WHAT THE TASK REQUIRES – Return all the entries exactly. No pictures.
** Opening INPUT RECORDS block **
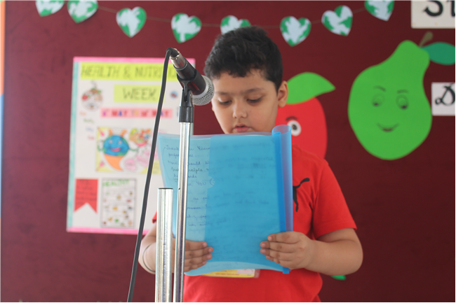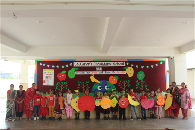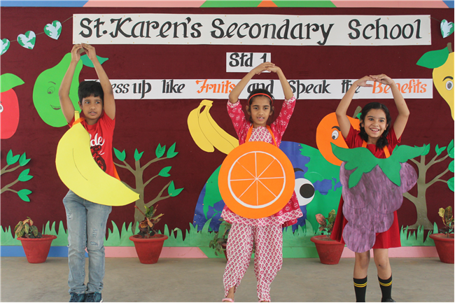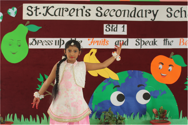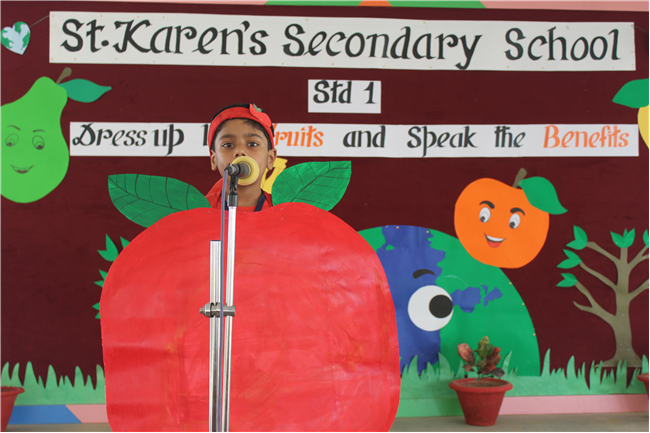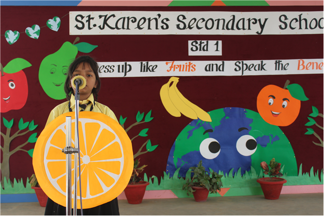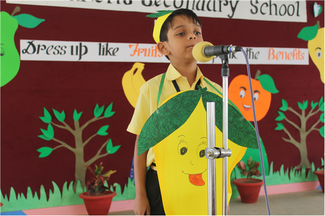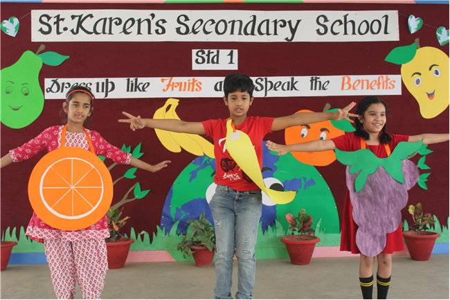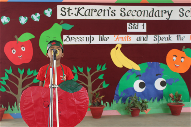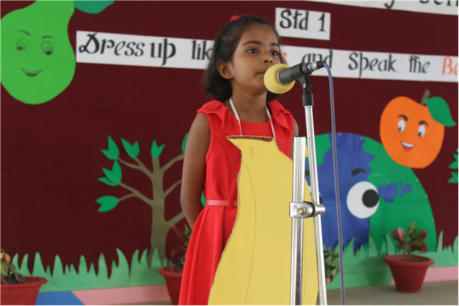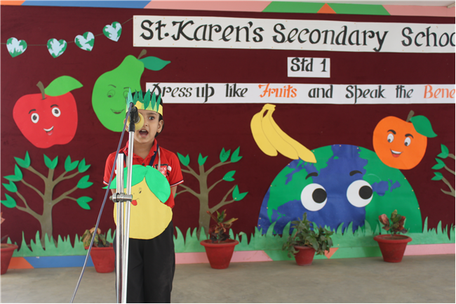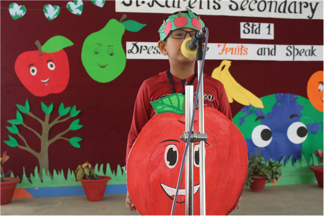 Students of Std 1 had Personification Competition. The first round was conducted in the respective classes. Two finalist from each section had performed in the final round . Topic was fruits and their benefits . Students were dressed up as different fruits . All three judges appreciated the efforts of students. The program was really a mesmerizing experience for all of them.
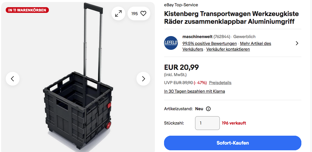 Maschinenwelt bietet aktuell bei eBay den Kistenberg KCT4040/L Transportwagen NEU&OVP für 20,99€ inkl. Versand an, solange der Vorrat reicht.
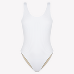 The Indo Merengue swimsuit is made from ECONYL® recycled lycra fabric. With a round neckline and open round back and medium coverage, in ribbed fabric and white. This swimsuit is a summer essential.
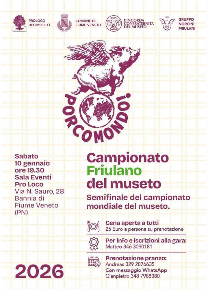 Torna per la seconda volta, sabato 10 gennaio 2026 a Fiume Veneto, il Campionato Friulano del museto che decreterà il miglior muset (muset in Friulì): uno dei prodotti più nobili della tradizione gastronomica italiana.
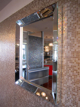一見シンプルなミラーですが、フレーム部分もミラーで構成され、正面だけでなくミラーフレームの厚みにも写り込み、ユニークで存在感のあるデザインが空間を演出します。
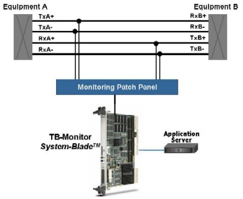 每個(gè)TB監(jiān)測系統(tǒng)刀片都配有64E1/T1的接收接口,可單向監(jiān)測多達(dá)64個(gè)E1/T1鏈路,或雙向監(jiān)測多達(dá)32個(gè)E1/T1鏈路。使用TelcoBridges的監(jiān)測接線面板,每條鏈路通過基于標(biāo)準(zhǔn)的高阻抗連接進(jìn)行探測,實(shí)現(xiàn)非插入式網(wǎng)絡(luò)監(jiān)測。
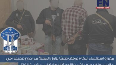توقيف طبيب يزاول المهنة في برالياس زحلة من دون ترخيص وختم عيادته بالشمع الأحمر و ادوية مز.ورة في القاع.
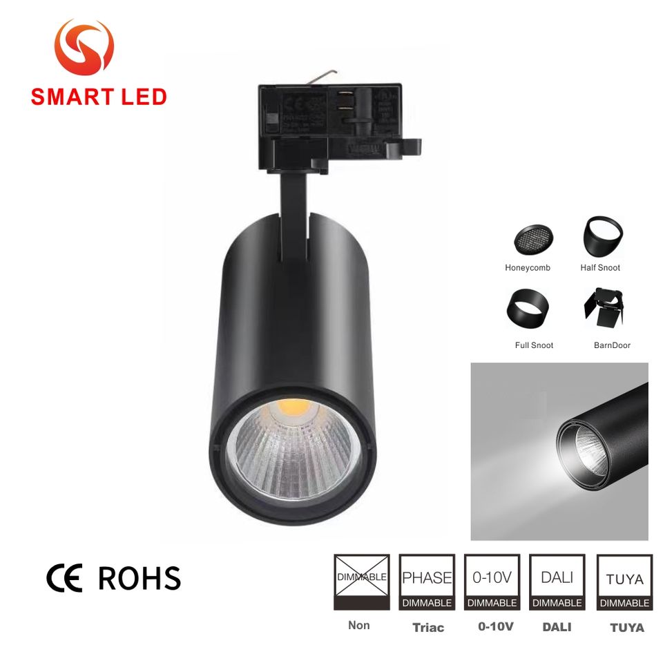 Luz de Riel LED COB de Aluminio con Certificación CE Rohs, 2/6 Hilos, RA80/Ra90/Ra97 CRI 95+, Regulable, 10-40W, Iluminación Puntual para Hoteles Modernos
** Closing INPUT RECORDS block **
TASK RESULT –
 Students of Std 1 had Personification Competition. The first round was conducted in the respective classes. Two finalist from each section had performed in the final round . Topic was fruits and their benefits . Students were dressed up as different fruits . All three judges appreciated the efforts of students. The program was really a mesmerizing experience for all of them.
 Maschinenwelt bietet aktuell bei eBay den Kistenberg KCT4040/L Transportwagen NEU&OVP für 20,99€ inkl. Versand an, solange der Vorrat reicht.
 The Indo Merengue swimsuit is made from ECONYL® recycled lycra fabric. With a round neckline and open round back and medium coverage, in ribbed fabric and white. This swimsuit is a summer essential.
 Torna per la seconda volta, sabato 10 gennaio 2026 a Fiume Veneto, il Campionato Friulano del museto che decreterà il miglior muset (muset in Friulì): uno dei prodotti più nobili della tradizione gastronomica italiana.
一見シンプルなミラーですが、フレーム部分もミラーで構成され、正面だけでなくミラーフレームの厚みにも写り込み、ユニークで存在感のあるデザインが空間を演出します。
 每個(gè)TB監(jiān)測系統(tǒng)刀片都配有64E1/T1的接收接口,可單向監(jiān)測多達(dá)64個(gè)E1/T1鏈路,或雙向監(jiān)測多達(dá)32個(gè)E1/T1鏈路。使用TelcoBridges的監(jiān)測接線面板,每條鏈路通過基于標(biāo)準(zhǔn)的高阻抗連接進(jìn)行探測,實(shí)現(xiàn)非插入式網(wǎng)絡(luò)監(jiān)測。
توقيف طبيب يزاول المهنة في برالياس زحلة من دون ترخيص وختم عيادته بالشمع الأحمر و ادوية مز.ورة في القاع.
 Luz de Riel LED COB de Aluminio con Certificación CE Rohs, 2/6 Hilos, RA80/Ra90/Ra97 CRI 95+, Regulable, 10-40W, Iluminación Puntual para Hoteles Modernos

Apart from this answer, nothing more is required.